THE DATA:
+++++

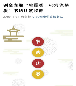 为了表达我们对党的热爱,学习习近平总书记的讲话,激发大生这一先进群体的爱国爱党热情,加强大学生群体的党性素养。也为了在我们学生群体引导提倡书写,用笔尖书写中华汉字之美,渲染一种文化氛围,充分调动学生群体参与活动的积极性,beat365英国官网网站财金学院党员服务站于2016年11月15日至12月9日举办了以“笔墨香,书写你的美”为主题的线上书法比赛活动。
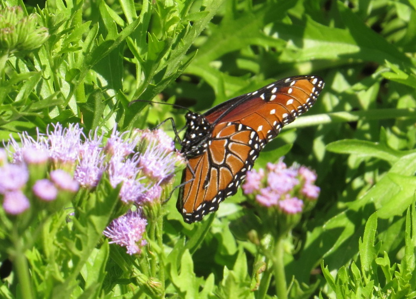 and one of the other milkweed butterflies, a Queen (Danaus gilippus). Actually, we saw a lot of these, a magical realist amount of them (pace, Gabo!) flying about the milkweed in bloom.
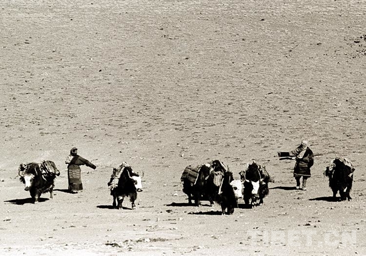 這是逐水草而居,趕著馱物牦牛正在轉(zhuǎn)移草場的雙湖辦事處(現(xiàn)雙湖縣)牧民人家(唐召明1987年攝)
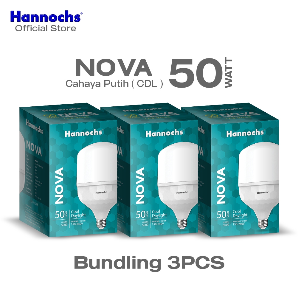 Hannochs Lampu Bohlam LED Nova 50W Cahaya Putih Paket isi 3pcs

+++++

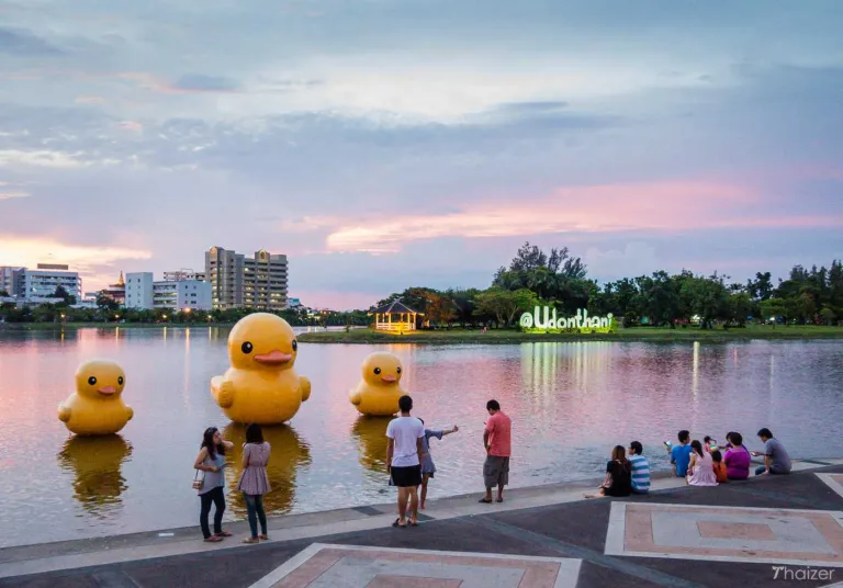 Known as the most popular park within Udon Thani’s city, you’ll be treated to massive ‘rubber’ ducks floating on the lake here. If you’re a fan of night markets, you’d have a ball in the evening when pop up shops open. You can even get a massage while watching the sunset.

+++++

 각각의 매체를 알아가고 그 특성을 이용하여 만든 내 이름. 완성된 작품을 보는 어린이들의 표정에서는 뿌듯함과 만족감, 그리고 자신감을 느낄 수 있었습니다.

+++++

Copy the entries above exactly, but only the stretch from the line containing "为了表达我们对党的热爱,学习" through the line containing "Hannochs Lampu Bohlam". Keep both end lines; drop the pictures.

 为了表达我们对党的热爱,学习习近平总书记的讲话,激发大生这一先进群体的爱国爱党热情,加强大学生群体的党性素养。也为了在我们学生群体引导提倡书写,用笔尖书写中华汉字之美,渲染一种文化氛围,充分调动学生群体参与活动的积极性,beat365英国官网网站财金学院党员服务站于2016年11月15日至12月9日举办了以“笔墨香,书写你的美”为主题的线上书法比赛活动。
 and one of the other milkweed butterflies, a Queen (Danaus gilippus). Actually, we saw a lot of these, a magical realist amount of them (pace, Gabo!) flying about the milkweed in bloom.
 這是逐水草而居,趕著馱物牦牛正在轉(zhuǎn)移草場的雙湖辦事處(現(xiàn)雙湖縣)牧民人家(唐召明1987年攝)
 Hannochs Lampu Bohlam LED Nova 50W Cahaya Putih Paket isi 3pcs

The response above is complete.